On Wednesday, a 17-year-old girl became the youngest-ever recipient of one of the most prestigious awards of all time — and she accepted it with a worldwide dig on arms spending. With a characteristically wonderful speech, Malala Yousafzai received the Nobel Peace Prize in Oslo.

The Pakistani teenager accepted the award for education activism alongside Indian activist Kailash Satyarthi, whom she is sharing the prize with. Satyarthi was recognized for saving over 80,000 children from slave labor.

In her speech, Yousafzai addressed the Taliban's attempt on her life when she was just 14 years old. The education activist had become well known in the community for speaking out against the Taliban's view on education for girls, and thus was targeted by the regime. When a gunman tried to silence Yousafzai by boarding her bus on the way to school and aimed a pistol at her head, she made a bold decision to keep on with her criticism of the organization.

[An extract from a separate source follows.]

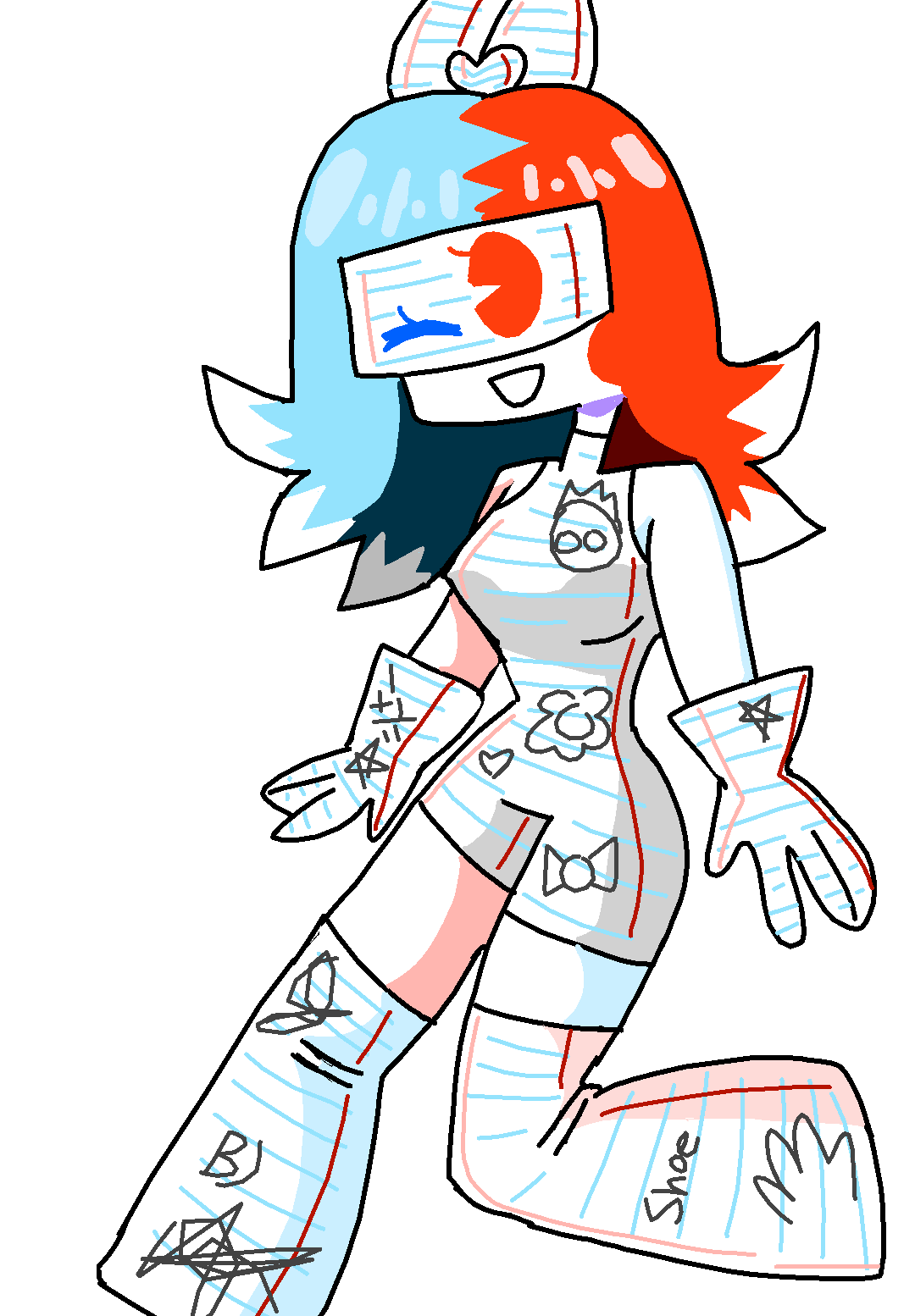 Her clothes are basically paper with anything on it, doodles, words, or even math equations

I had two options — one was to remain silent and wait to be killed, and the second was to speak up and then be killed. I chose the second one. I decided to speak up.

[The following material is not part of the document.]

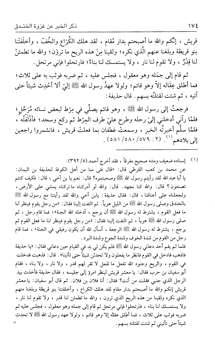 فلما لم يقم أحد دعاني رسول الله - صلى الله عليه وسلم - فلم يكن لي بد في القيام حين دعاني فقال: "يا حذيفة فاذهب فادخل في القوم فانظر ما يفعلون ولا تحدثن شيئًا حتى تأتينا". قال: فذهبت فدخلت في القوم، والريح وجنود الله تفعل ما تفعل لا تقر لهم قدر، ولا نار، ولا بناء، فقام أبو سفيان بن حرب فقال: يا معشر قريش لينظر امرؤ إلى جليسه، فقال حذيفة فأخذت بيد الرجل الذي جنبي فقلت من أنت؟ فقال: أنا فلان بن فلان. ثم قال أبو سفيان: يا معشر قريش إنكم والله ما أصبحتم بدار مقام لقد هلك الكراع، وأخلفتنا بنو قريظة وبلغنا منهم الذي نكره ولقينا من هذه الريح الذي ترون، والله ما تطمئن لنا قدر، ولا تقوم لنا نار، ولا يستمسك لنا بناء، فارتحلوا فإني مرتحل ثم قام إلى جمله وهو معقول، فجلس عليه ثم ضربه فوثب على ثلاث، فما أطلق عقله إلَّا وهو قائم، ولولا عهد رسول الله - صلى الله عليه وسلم - لا تحدث شيئًا حتى تأتيني ثم شئت لقتلته بسهم. =

Yousafzai also called pretty much the entire world out for what she views as skewed priorities.

Dear brothers and sisters, the so-called world of adults may understand it, but we children don't. Why is it that countries, which we call "strong," are so powerful in creating wars but so weak in bringing peace? Why is it that giving guns is so easy but giving books is so hard? Why is it that making tanks is so easy but building schools is so difficult?
Christopher Furlong/Getty Images News/Getty Images

Surrounded by dignitaries from all over the world, Yousafzai graciously shared her accomplishment with the millions of girls and voices she represents.

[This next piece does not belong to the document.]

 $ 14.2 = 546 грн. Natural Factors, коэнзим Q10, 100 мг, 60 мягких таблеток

I am those 66 million girls who are deprived of education – and today I am not raising my voice, it is the voice of those 66 million girls. Sometimes people like to ask me, why should girls go to school? Why is it important for them? But I think the more important question is: why shouldn’t they? Why shouldn’t they have this right?

So if you're feeling lazy during a finals week study session, perhaps look to the 17-year-old who is fighting desperately to preserve education for girls and ask yourself if it's worth it to study for that test (hint: it is definitely worth it).